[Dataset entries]
------------

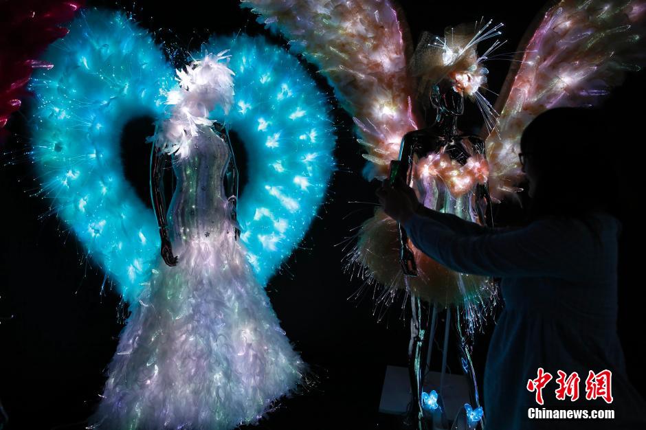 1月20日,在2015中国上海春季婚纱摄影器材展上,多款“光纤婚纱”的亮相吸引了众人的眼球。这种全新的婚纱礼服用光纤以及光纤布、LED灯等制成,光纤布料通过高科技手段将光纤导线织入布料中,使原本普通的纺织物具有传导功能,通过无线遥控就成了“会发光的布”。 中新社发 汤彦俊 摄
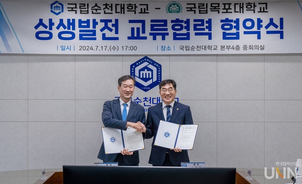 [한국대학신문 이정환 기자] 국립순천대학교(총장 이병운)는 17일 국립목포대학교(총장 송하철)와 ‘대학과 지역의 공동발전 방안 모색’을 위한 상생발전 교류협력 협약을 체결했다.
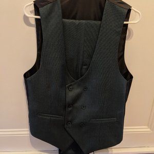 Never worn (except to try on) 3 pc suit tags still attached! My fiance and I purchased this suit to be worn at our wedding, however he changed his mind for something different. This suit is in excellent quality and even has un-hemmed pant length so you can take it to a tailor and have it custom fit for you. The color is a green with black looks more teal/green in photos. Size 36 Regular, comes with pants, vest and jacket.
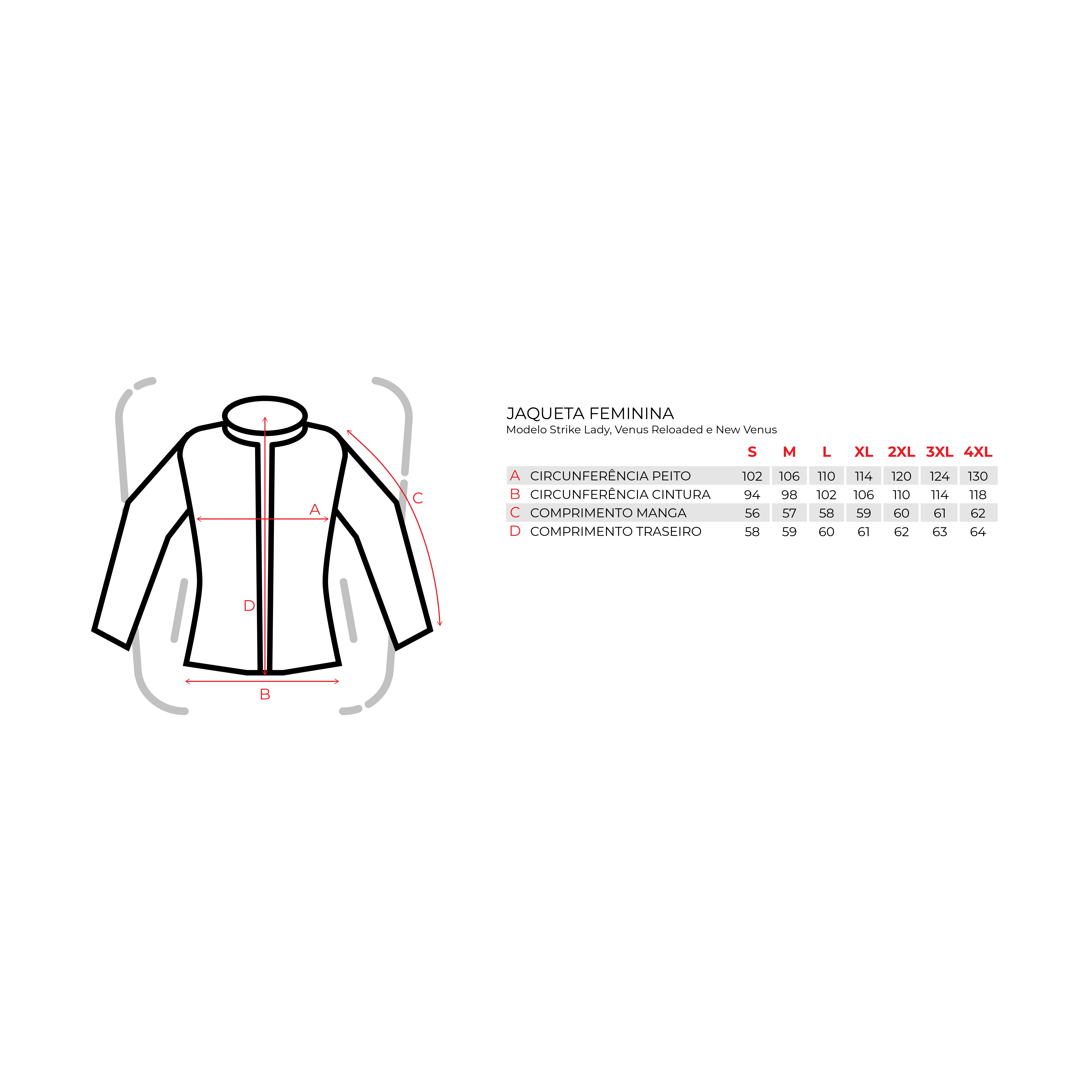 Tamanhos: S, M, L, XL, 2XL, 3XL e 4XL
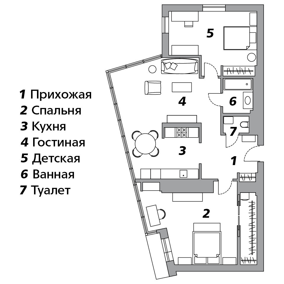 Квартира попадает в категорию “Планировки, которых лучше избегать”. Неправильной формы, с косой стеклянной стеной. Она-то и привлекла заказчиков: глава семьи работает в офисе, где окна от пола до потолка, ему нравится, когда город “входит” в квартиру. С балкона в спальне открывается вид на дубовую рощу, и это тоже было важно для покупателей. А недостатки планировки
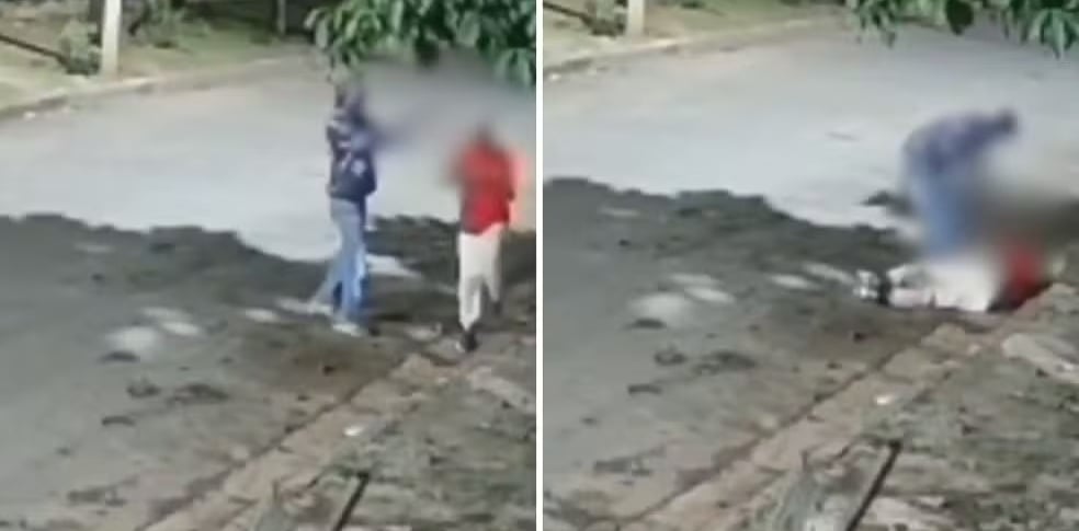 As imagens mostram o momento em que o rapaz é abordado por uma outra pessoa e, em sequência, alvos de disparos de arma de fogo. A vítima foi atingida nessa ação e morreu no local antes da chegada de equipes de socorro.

------------

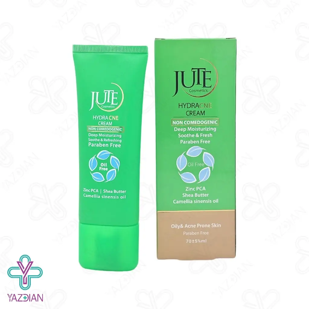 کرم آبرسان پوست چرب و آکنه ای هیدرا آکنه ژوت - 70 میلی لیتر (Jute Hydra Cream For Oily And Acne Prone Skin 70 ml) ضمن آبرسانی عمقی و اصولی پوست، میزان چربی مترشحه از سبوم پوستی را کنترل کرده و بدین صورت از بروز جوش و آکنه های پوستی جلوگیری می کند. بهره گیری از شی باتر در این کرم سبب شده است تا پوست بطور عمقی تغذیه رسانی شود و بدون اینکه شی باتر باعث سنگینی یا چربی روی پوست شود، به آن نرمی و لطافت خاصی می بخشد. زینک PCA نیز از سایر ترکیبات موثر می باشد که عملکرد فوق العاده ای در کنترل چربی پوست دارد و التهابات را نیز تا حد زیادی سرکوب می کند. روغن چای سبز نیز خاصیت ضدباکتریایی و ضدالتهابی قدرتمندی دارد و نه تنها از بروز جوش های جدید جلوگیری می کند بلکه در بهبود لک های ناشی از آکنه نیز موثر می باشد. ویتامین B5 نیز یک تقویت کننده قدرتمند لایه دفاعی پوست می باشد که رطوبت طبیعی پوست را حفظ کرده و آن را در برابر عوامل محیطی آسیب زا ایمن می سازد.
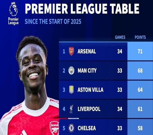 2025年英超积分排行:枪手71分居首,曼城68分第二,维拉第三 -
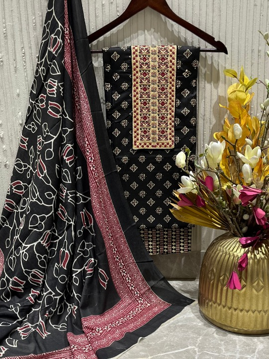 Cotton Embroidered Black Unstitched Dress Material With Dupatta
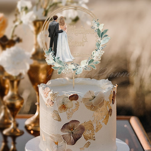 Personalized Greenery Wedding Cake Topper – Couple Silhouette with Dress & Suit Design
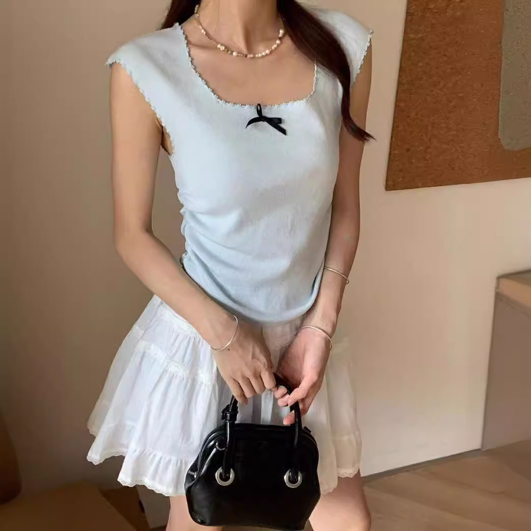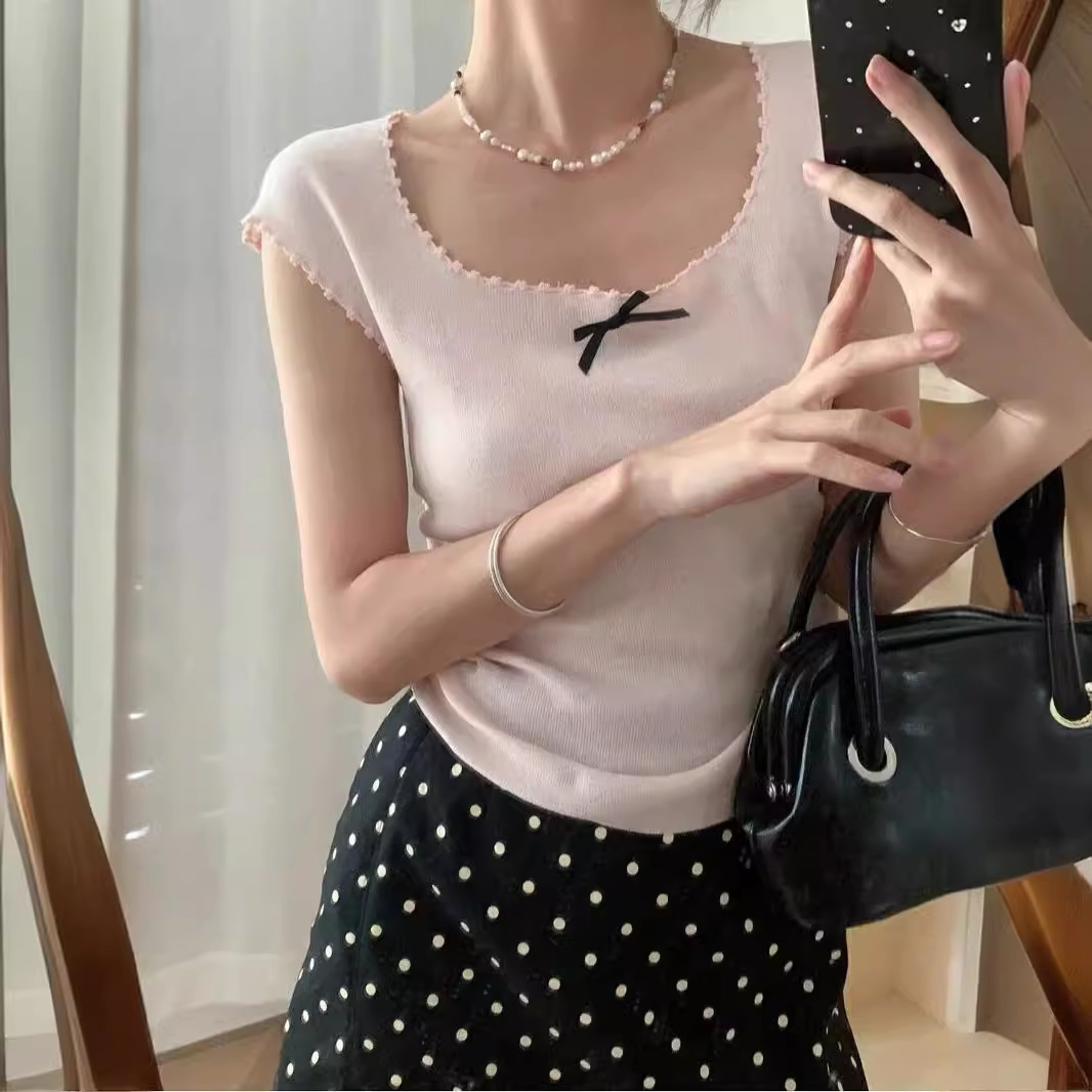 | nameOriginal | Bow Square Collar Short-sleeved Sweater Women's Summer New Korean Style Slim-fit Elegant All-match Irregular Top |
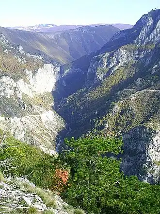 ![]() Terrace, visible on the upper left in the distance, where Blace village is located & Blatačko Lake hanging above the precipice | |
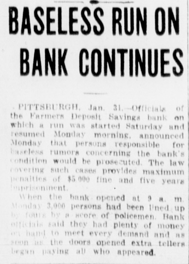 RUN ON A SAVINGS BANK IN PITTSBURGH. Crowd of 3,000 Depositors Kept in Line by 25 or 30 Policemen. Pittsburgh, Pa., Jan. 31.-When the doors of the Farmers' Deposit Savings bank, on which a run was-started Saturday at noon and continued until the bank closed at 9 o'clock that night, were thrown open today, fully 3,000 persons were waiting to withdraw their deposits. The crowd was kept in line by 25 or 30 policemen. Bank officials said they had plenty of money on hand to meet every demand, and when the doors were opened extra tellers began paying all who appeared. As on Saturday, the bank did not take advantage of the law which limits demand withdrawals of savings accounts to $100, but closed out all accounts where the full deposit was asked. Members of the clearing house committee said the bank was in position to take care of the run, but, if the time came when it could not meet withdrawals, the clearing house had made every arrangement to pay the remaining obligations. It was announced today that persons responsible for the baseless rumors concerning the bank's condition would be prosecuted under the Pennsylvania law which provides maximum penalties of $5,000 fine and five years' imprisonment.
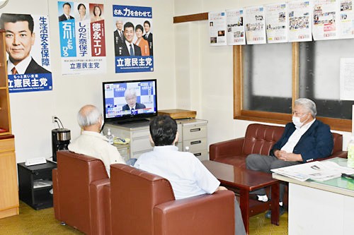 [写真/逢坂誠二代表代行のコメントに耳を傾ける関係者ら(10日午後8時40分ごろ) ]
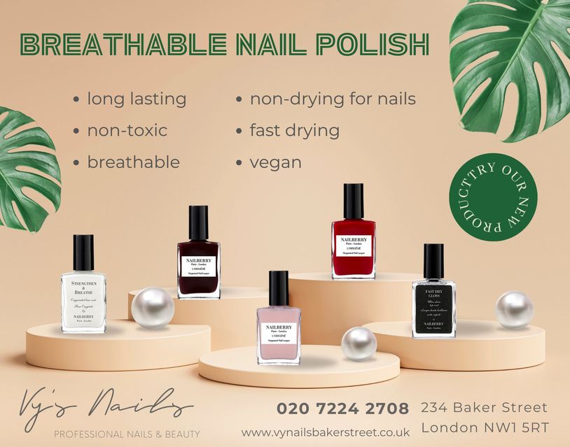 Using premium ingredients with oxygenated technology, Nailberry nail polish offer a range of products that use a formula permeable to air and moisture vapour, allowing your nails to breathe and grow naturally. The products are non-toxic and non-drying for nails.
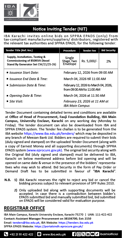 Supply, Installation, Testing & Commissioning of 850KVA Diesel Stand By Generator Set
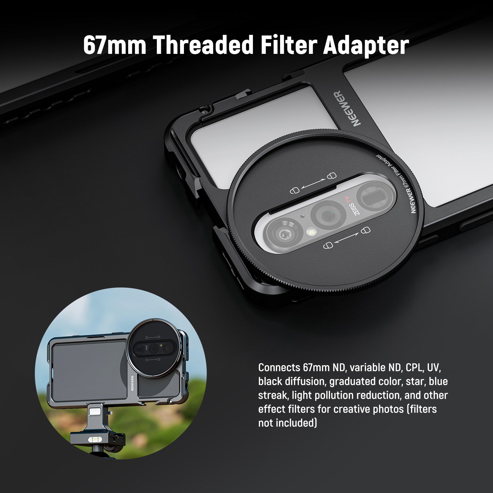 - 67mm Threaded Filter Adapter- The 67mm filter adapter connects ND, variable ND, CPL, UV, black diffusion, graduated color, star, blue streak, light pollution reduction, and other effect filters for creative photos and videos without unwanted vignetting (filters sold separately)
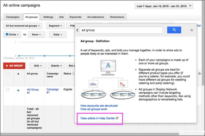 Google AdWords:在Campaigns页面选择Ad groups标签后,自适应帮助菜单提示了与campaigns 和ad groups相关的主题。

------------

■ **Task goal**
Look above for the line with "کرم آبرسان پوست", then give again exactly every line from there through the line with "Personalized Greenery Wedding", skipping the pictures.

■ **Task answer**
 کرم آبرسان پوست چرب و آکنه ای هیدرا آکنه ژوت - 70 میلی لیتر (Jute Hydra Cream For Oily And Acne Prone Skin 70 ml) ضمن آبرسانی عمقی و اصولی پوست، میزان چربی مترشحه از سبوم پوستی را کنترل کرده و بدین صورت از بروز جوش و آکنه های پوستی جلوگیری می کند. بهره گیری از شی باتر در این کرم سبب شده است تا پوست بطور عمقی تغذیه رسانی شود و بدون اینکه شی باتر باعث سنگینی یا چربی روی پوست شود، به آن نرمی و لطافت خاصی می بخشد. زینک PCA نیز از سایر ترکیبات موثر می باشد که عملکرد فوق العاده ای در کنترل چربی پوست دارد و التهابات را نیز تا حد زیادی سرکوب می کند. روغن چای سبز نیز خاصیت ضدباکتریایی و ضدالتهابی قدرتمندی دارد و نه تنها از بروز جوش های جدید جلوگیری می کند بلکه در بهبود لک های ناشی از آکنه نیز موثر می باشد. ویتامین B5 نیز یک تقویت کننده قدرتمند لایه دفاعی پوست می باشد که رطوبت طبیعی پوست را حفظ کرده و آن را در برابر عوامل محیطی آسیب زا ایمن می سازد.
 2025年英超积分排行:枪手71分居首,曼城68分第二,维拉第三 -
 Cotton Embroidered Black Unstitched Dress Material With Dupatta
 Personalized Greenery Wedding Cake Topper – Couple Silhouette with Dress & Suit Design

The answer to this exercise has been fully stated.